WORK REQUIRED: Omit all pictures. Reproduce exactly the lines from the first line of the records below through the line with "МетодикаЭнуклеация глаза - удаление".

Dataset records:
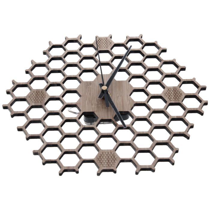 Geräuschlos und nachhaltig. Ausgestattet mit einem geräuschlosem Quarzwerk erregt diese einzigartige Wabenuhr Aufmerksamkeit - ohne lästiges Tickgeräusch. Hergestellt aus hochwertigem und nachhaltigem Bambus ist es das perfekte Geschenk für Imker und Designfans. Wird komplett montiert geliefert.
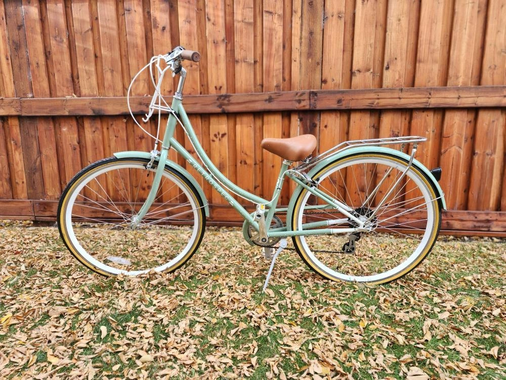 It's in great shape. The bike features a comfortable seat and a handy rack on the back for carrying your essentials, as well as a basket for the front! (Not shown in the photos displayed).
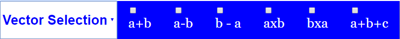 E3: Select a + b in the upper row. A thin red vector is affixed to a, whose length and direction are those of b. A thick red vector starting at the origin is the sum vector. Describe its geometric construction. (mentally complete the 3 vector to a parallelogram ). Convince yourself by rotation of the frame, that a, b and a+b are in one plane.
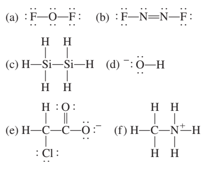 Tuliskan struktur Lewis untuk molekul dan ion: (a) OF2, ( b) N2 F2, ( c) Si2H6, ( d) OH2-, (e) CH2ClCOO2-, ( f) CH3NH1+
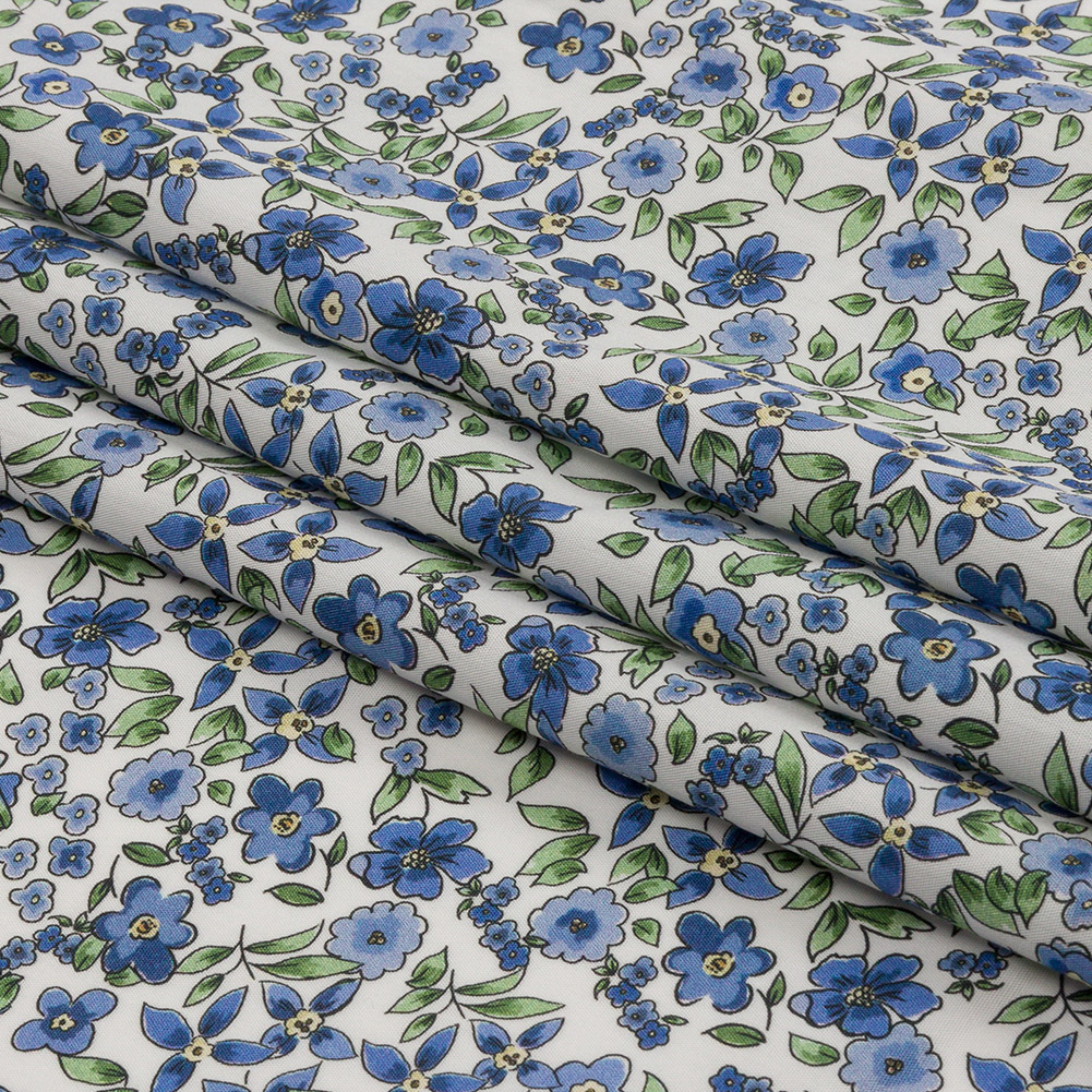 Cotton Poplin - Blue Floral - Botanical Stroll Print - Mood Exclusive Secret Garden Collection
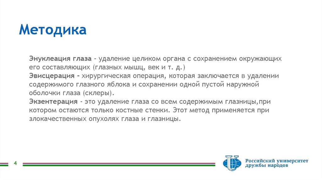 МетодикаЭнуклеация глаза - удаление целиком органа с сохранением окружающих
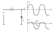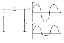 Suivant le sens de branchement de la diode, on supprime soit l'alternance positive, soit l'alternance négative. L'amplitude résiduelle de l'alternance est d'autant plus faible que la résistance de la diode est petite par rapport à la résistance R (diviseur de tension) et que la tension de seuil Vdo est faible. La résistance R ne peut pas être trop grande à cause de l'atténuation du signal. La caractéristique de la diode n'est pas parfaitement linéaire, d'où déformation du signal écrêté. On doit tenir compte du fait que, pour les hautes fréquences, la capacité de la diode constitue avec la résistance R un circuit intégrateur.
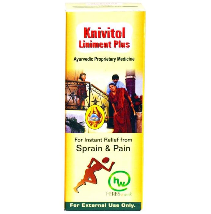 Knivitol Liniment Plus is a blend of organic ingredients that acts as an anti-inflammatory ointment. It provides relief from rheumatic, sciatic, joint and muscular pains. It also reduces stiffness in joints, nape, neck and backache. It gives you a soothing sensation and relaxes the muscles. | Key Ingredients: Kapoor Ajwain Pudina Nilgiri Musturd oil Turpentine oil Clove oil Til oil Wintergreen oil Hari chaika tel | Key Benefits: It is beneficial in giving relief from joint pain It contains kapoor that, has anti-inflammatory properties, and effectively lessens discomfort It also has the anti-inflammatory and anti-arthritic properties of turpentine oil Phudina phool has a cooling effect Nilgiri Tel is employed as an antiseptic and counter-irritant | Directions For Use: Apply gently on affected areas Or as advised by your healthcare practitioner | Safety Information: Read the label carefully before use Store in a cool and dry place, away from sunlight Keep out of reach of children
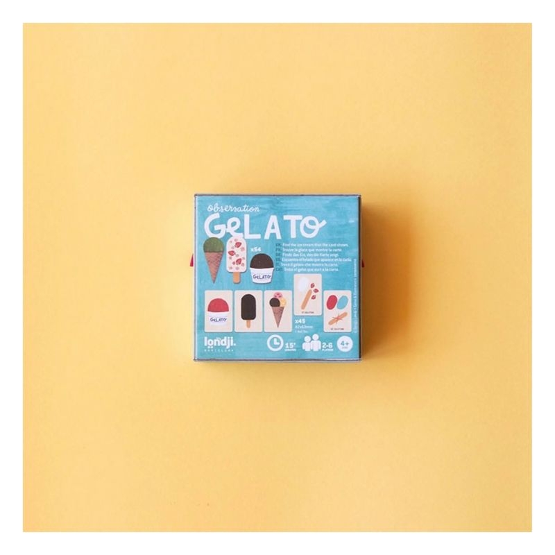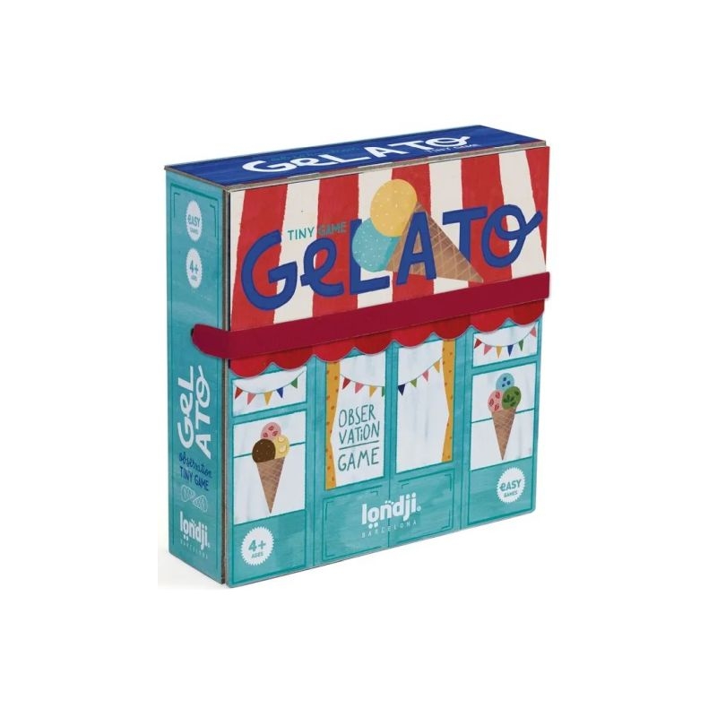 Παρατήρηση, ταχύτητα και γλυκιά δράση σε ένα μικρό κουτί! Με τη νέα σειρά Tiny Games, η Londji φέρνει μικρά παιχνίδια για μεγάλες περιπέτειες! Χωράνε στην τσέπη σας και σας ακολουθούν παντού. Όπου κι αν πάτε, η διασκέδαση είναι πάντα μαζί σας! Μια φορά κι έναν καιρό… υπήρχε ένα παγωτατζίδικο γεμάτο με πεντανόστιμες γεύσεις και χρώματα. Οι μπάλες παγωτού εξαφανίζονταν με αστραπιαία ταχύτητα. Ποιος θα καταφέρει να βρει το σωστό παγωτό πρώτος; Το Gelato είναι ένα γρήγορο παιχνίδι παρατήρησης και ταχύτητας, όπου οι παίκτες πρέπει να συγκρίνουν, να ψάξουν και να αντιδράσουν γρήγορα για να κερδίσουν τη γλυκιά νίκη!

REPLY:
 Geräuschlos und nachhaltig. Ausgestattet mit einem geräuschlosem Quarzwerk erregt diese einzigartige Wabenuhr Aufmerksamkeit - ohne lästiges Tickgeräusch. Hergestellt aus hochwertigem und nachhaltigem Bambus ist es das perfekte Geschenk für Imker und Designfans. Wird komplett montiert geliefert.
 It's in great shape. The bike features a comfortable seat and a handy rack on the back for carrying your essentials, as well as a basket for the front! (Not shown in the photos displayed).
 E3: Select a + b in the upper row. A thin red vector is affixed to a, whose length and direction are those of b. A thick red vector starting at the origin is the sum vector. Describe its geometric construction. (mentally complete the 3 vector to a parallelogram ). Convince yourself by rotation of the frame, that a, b and a+b are in one plane.
 Tuliskan struktur Lewis untuk molekul dan ion: (a) OF2, ( b) N2 F2, ( c) Si2H6, ( d) OH2-, (e) CH2ClCOO2-, ( f) CH3NH1+
 Cotton Poplin - Blue Floral - Botanical Stroll Print - Mood Exclusive Secret Garden Collection
 МетодикаЭнуклеация глаза - удаление целиком органа с сохранением окружающих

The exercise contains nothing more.